In the Commonwealth Mercury of Thursday 25 November 1658 Fromanteel advertised :

clocks that go exact and keep equaller time than any now made without this regulator (examined and proved before his Highness the Lord Protector by such doctors, whose knowledge and learning is without exception) and are not subject to alter by change of weather, as others are, and may be made to go a week, a month, or a year with once winding up, as well as those that are wound up every day, and keep time as well, and is very excellent for all House Clocks that go either with springs or weights; and also Steeple Clocks that are most subject to differ by change of weather. Made by Ahasuerus Fromanteel, who made the first that were in England.
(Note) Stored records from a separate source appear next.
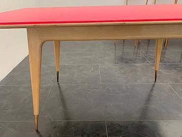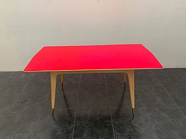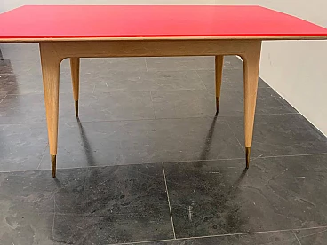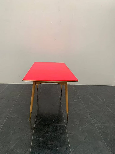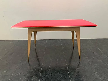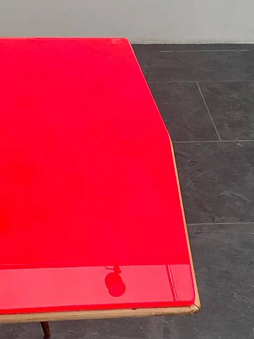 Tavolo in acero con profili tondati e piano fucsia, anni '50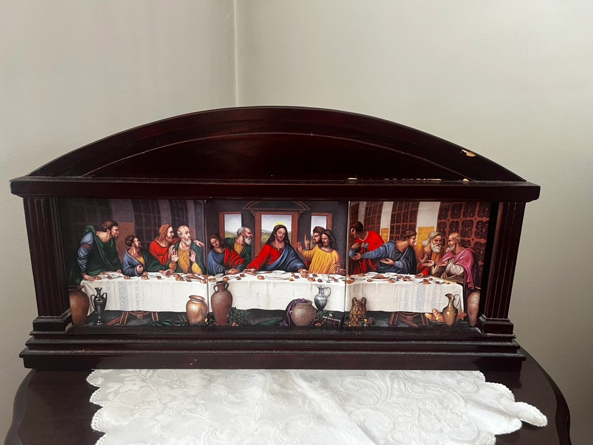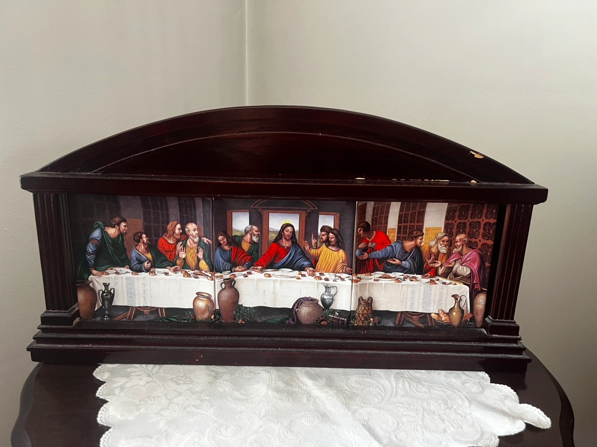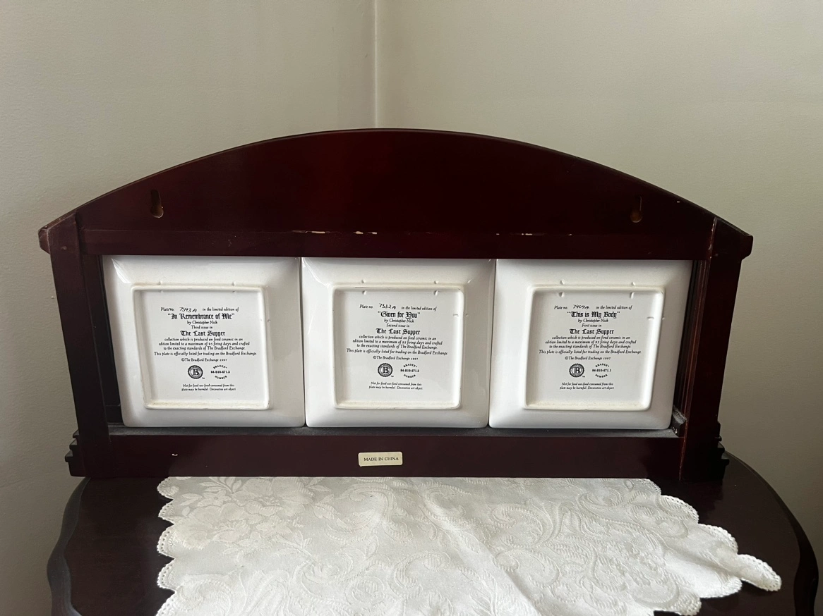 Lightly used set of 3 Bradford exchange plates of the last supper. Comes with the display rack (which has a small amount of damage on the top of it). The plates are the following This is my Body, Given to you, and in Remembrance of me.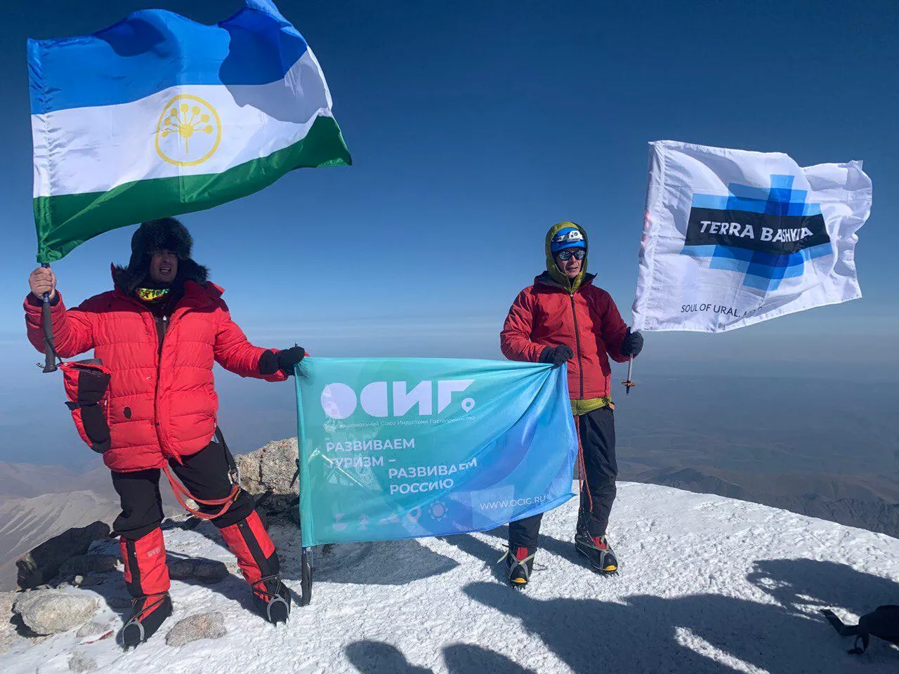 The state flag of the Republic of Bashkortostan, the flag with the TERRA BASHKIRIA logo, and the flag of the National Union of the Hospitality Industry (OSIG) were unfurled on Elbrus. Elbrus is the highest peak in Russia, with a height of 5642 meters.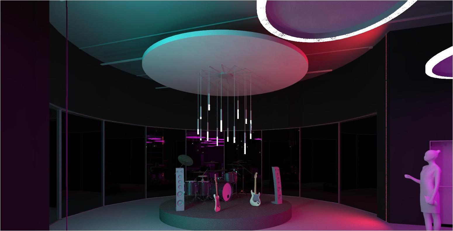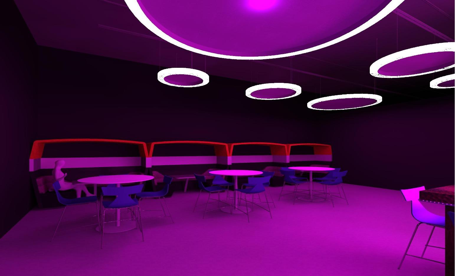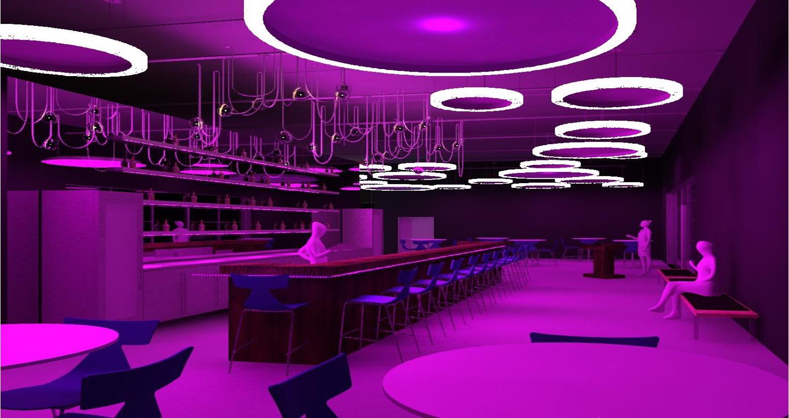 This group project was centered around a song and artist, and we decided to focus on Prince's "Let's Go Crazy." The word "Electric" that opens the song served as our guiding star, influencing the direction and aesthetic we aimed to capture. Prince is synonymous with the color purple and a dramatic rockstar persona, so we sought to embody these iconic elements. In our collaborative effort, we curated a nighttime bar concept, complete with a stage that exuded the quintessential rockstar vibe. Our interpretation of "electric" conjured images of bold, vibrant colors, and it only made sense to integrate these elements into the bar's design. As a result, we incorporated an array of vivid purple lighting variations, creating a visually dynamic and energetic atmosphere.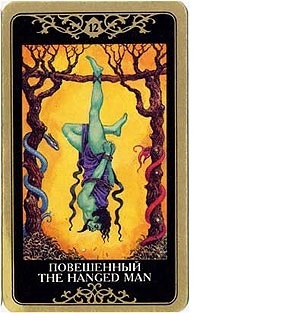 Аркан Таро 12 «Повешенный Бог, Повешенный человек» можно видеть как «1 и 2» = «Единый двоится». «Перевернуть с ног на голову» - лгать. Лжец это «князь мира сего диавол».
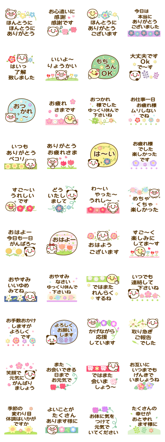 かわいい動物達の【もらってうれしい気持ちたっぷり】①花 長文スタンプです♪タメ語 敬語両方入りで、シンプルで誰にでも使えて便利!です。パンダ ねこ ぶた❤作:usakazu1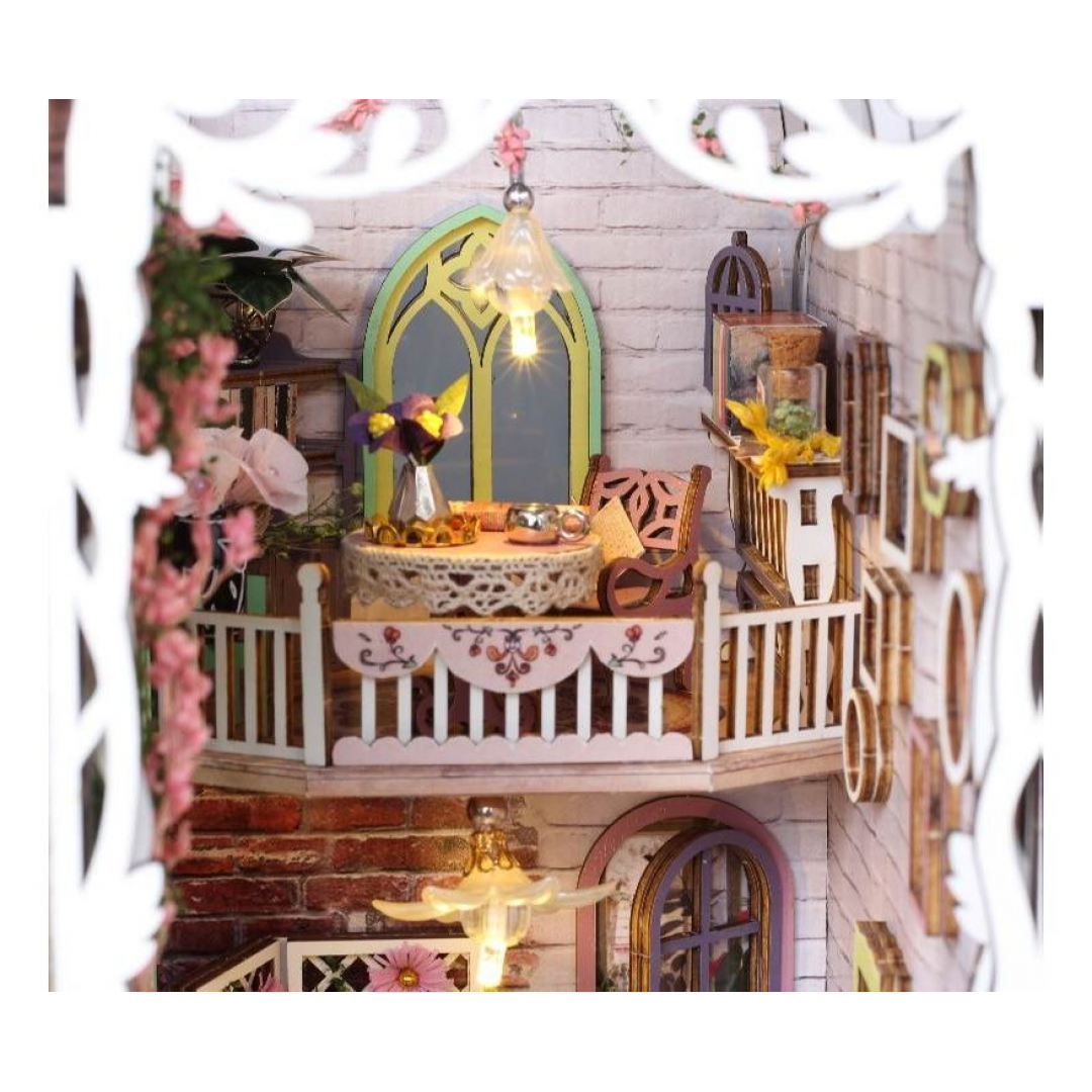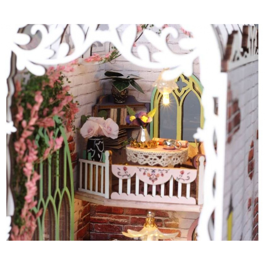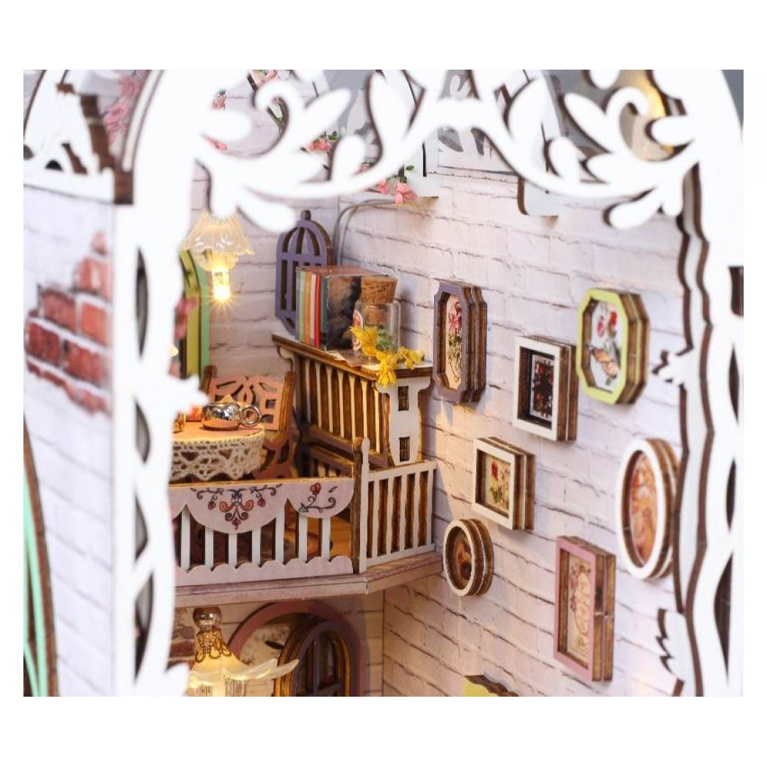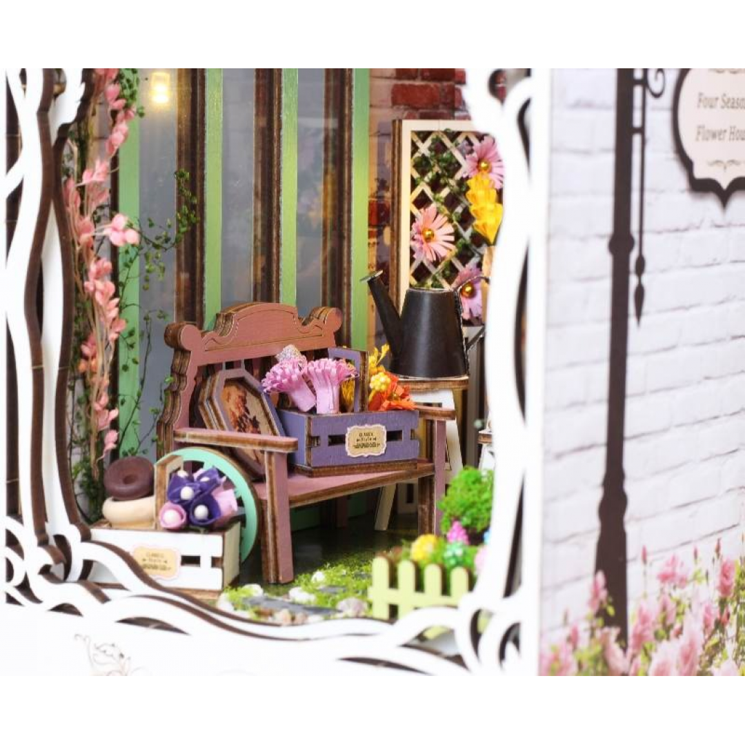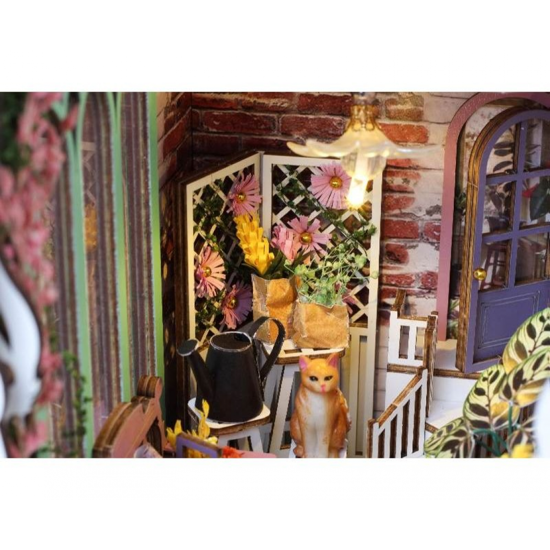 Декоративно‑тематический конструктор представляет собой набор деревянных и/или пластмассовых элементов для сборки трёхмерной мини‑диорамы — «Дом цветов» в стиле бук‑нунк (book nook). Готовый объект имеет размер 11×18×28 см и представляет собой интерьерную сцену, которую можно разместить между книг на полке или использовать как отдельный предмет декора. Сборка способствует развитию творческого мышления, усидчивости и мелкой моторики.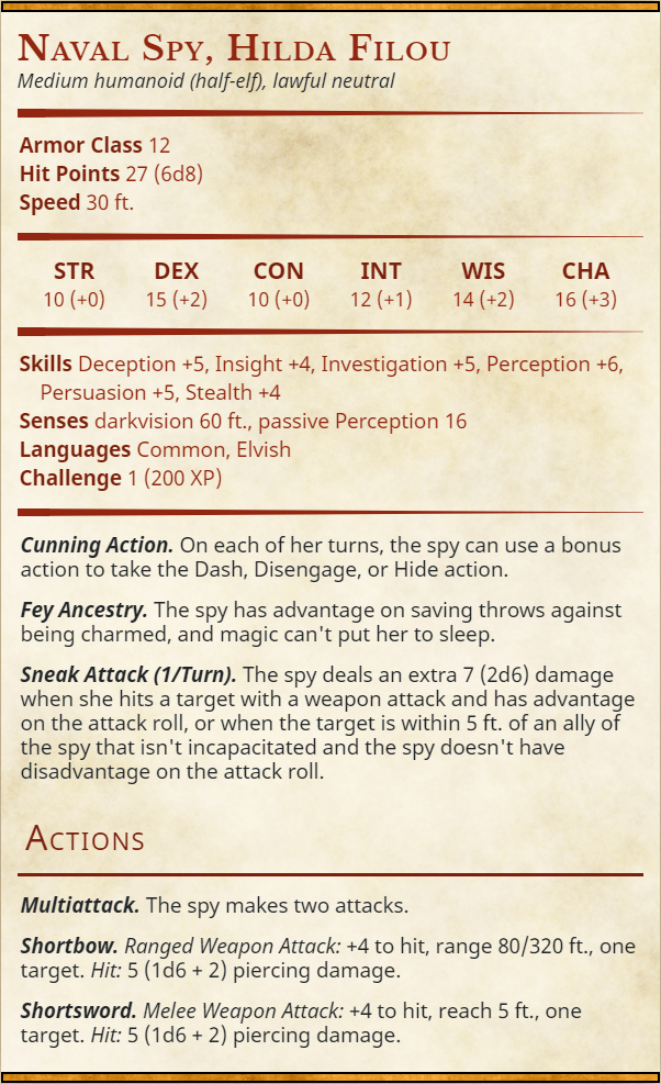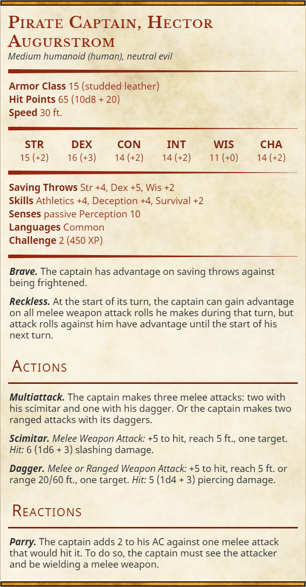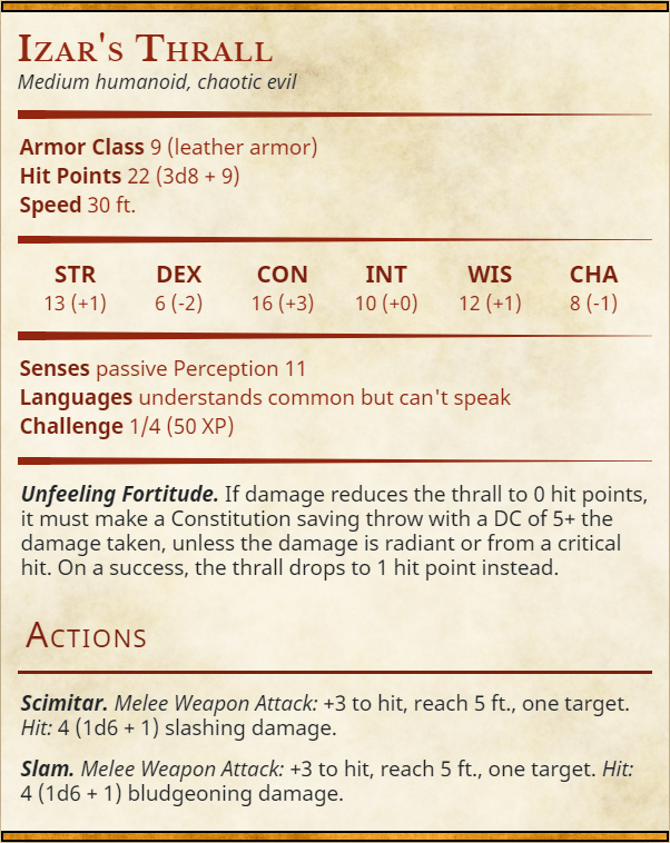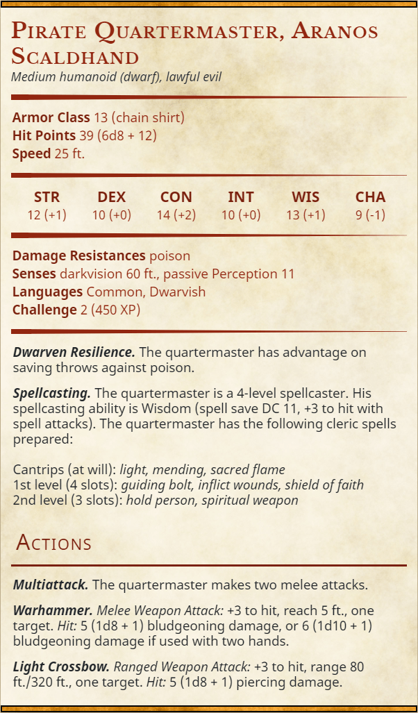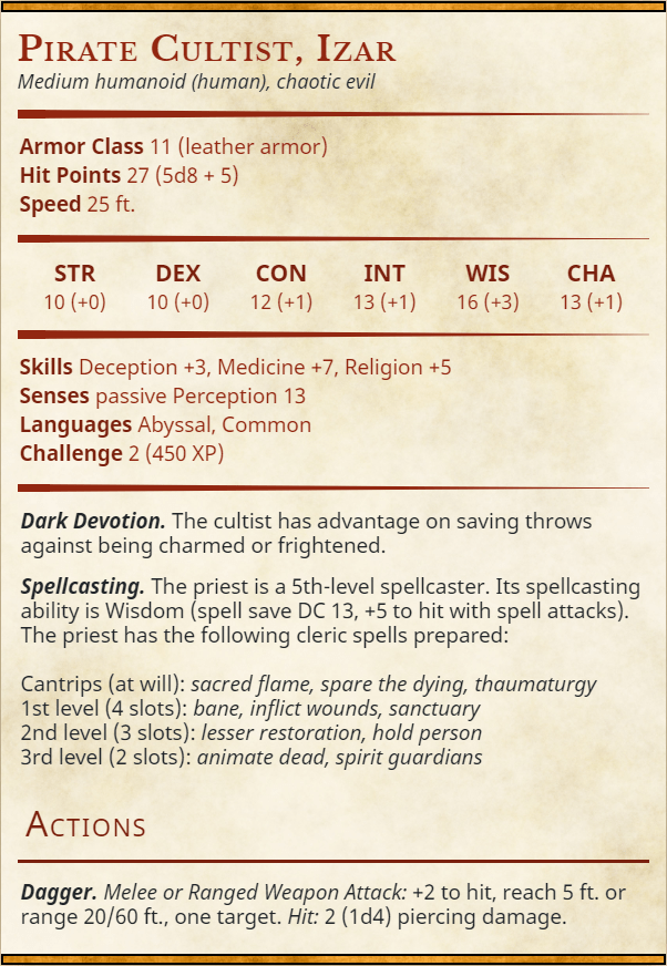 A combination of the bandit and cult fanatic statblocks, modified with dwarven abilities and a fitting spell list. He will protect his Captain but does not feel the same for Izar.

You may have them at his house on the Bankside, in Mosses Alley, Southwark and at the sign of the Mermaid, in Lothbury, near Bartholomew Lane end, London.

He had gained the notice and patronage of "The Lord Protector", Oliver Cromwell, Britain's interregnum head of state. A popular legend developed that Cromwell himself owned such a clock, however there is little evidence to support this theory. As Mark Denny states in Five Machines That Changed the World, Fromanteel's patent "ushered in the age of English longcase clocks, which dominated horology for a century".

===Later years===
Fromanteel relocated back in the Netherlands in 1667–76. His son John was left in London to look after the business with Thomas Loomes, a former apprentice, married to Fromanteel's daughter Mary. Following the death of his wife Maria, Ahasuerus Fromanteel wed the widow Sarah Winnock (c. 1660). They lived in Whitechapel, where other of the Fromanteel family were established as silk weavers. Fromanteel died in 1693, and was interred at St Mary Matfelon, Whitechapel, on 31 January 1693. This church was destroyed in the Blitz, and Fromanteel's grave has been lost.

A Fromanteel brand-name of clocks and watches exists today, based in the Netherlands.